摘要和介绍
multimodal model which can accept image and text inputs and produce text outputs.
只能输出文字,支持图片的输入,看来图片输出是下一个大事件。不过因为支持了图片的输入,所以在一些需要图片才能解决的题目或问题上就有了能力。
While less capable than humans in many real-world scenarios, GPT-4 exhibits human-level performance on various professional and academic benchmarks, including passing a simulated bar exam with a score around the top 10% of test takers
能够在一些考试和专业的问题能够打平和超过人类专家。其实这个也不意外,GPT-4对于编程懂得比专业程序员多也不奇怪,所以也让我们知道,不要死记硬背,我们的竞争力不取决于死记硬背,要合理利用工具
A core component of this project was developing infrastructure and optimization methods that behave predictably across a wide range of scales. This allowed us to accurately predict some aspects of GPT-4’s performance based on models trained with no more than 1/1,000th the compute of GPT-4.
可以在很小的模型上进行训练和调参,就能预测在1000倍大的模型上的性能,这样调参起来方便,迭代就更快了,节约大量资源。从框架和方法上让训练大模型更有效,调参和迭代更快。
…., particularly in more complex and nuanced scenarios. To test its capabilities in such scenarios, GPT-4 was evaluated on a variety of exams originally designed for humans.
…
On a suite of traditional NLP benchmarks, GPT-4 outperforms both previous large language models and most state-of-the-art systems (which often have benchmark-specific training or hand-engineering).

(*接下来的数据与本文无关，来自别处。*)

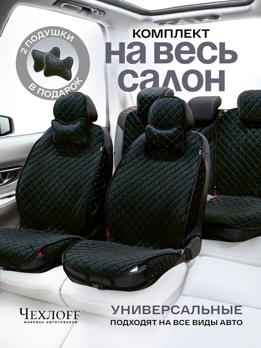 Купить Чехлы универсальные на весь салон в машину от ЧехлоFF, велюр, на передние и задние сиденья, 135x50 см, чёрный, синий

GPT-4在人类的一些专业考试里,已经获得了大幅度提升,在一些专业考试中可以获得优异成绩;另外在传统的机器学习的benchmark中,不仅超过过去大模型的表现,还能够超过最好的专用模型(各种trick+微调的模型)。
Limitation
…it is not fully reliable (e.g. can suffer from “hallucinations”), has a limited context window, and does not learn from experience. Care should be taken when using the outputs of GPT-4, particularly in contexts where reliability is important.
可靠性和上下文长度是需要持续提升。
This report .. Given both the competitive landscape and the safety implications of large-scale models like GPT-4, this report contains no further details about the architecture (including model size), hardware, training compute, dataset construction, training method, or similar.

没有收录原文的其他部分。